### ENTRIES SUPPLIED
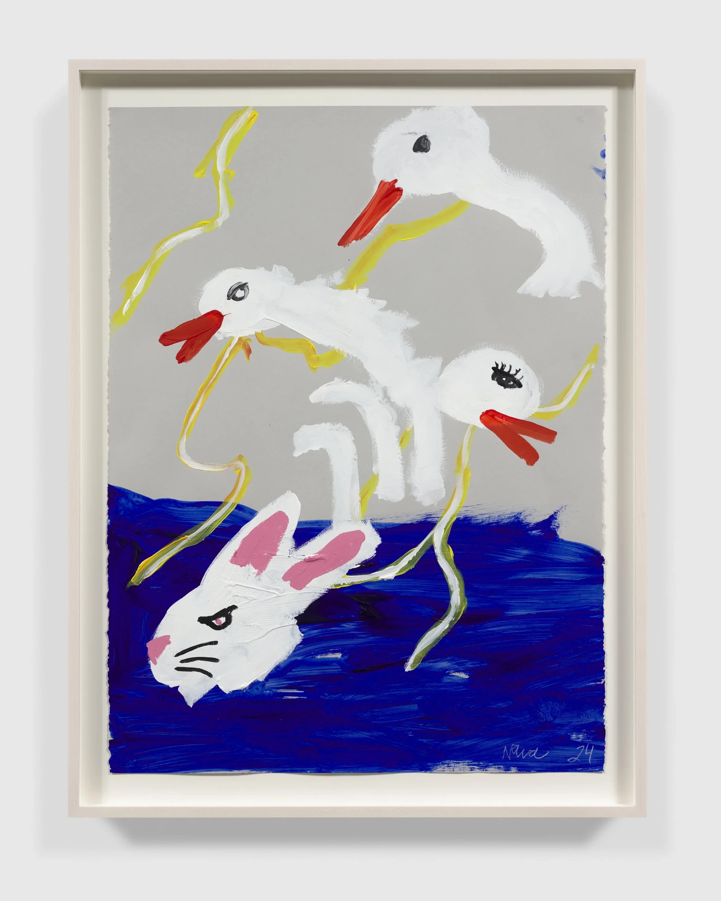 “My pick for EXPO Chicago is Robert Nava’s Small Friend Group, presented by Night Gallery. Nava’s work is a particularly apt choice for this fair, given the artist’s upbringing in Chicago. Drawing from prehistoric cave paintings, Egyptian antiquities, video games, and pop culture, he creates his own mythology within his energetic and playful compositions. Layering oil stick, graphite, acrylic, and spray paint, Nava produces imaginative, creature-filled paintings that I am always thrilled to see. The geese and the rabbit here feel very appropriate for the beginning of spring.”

---

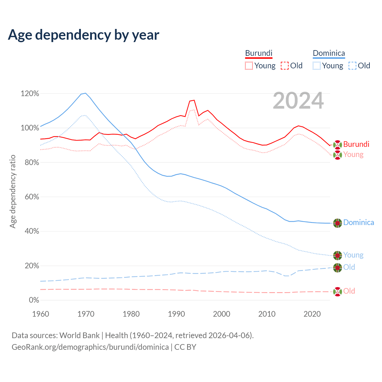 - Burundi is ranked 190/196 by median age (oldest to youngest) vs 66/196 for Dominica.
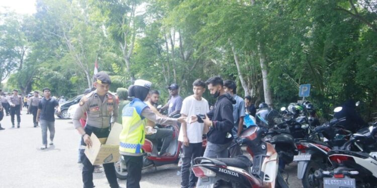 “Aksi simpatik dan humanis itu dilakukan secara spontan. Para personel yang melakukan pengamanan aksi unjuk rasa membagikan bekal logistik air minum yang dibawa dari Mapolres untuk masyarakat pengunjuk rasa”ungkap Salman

### ACTIVITY
Copy out the lines above from the line containing "- Burundi is" through the line containing "simpatik dan humanis", exactly, and keep the pictures out.

### EXERCISE SOLUTION
 - Burundi is ranked 190/196 by median age (oldest to youngest) vs 66/196 for Dominica.
 “Aksi simpatik dan humanis itu dilakukan secara spontan. Para personel yang melakukan pengamanan aksi unjuk rasa membagikan bekal logistik air minum yang dibawa dari Mapolres untuk masyarakat pengunjuk rasa”ungkap Salman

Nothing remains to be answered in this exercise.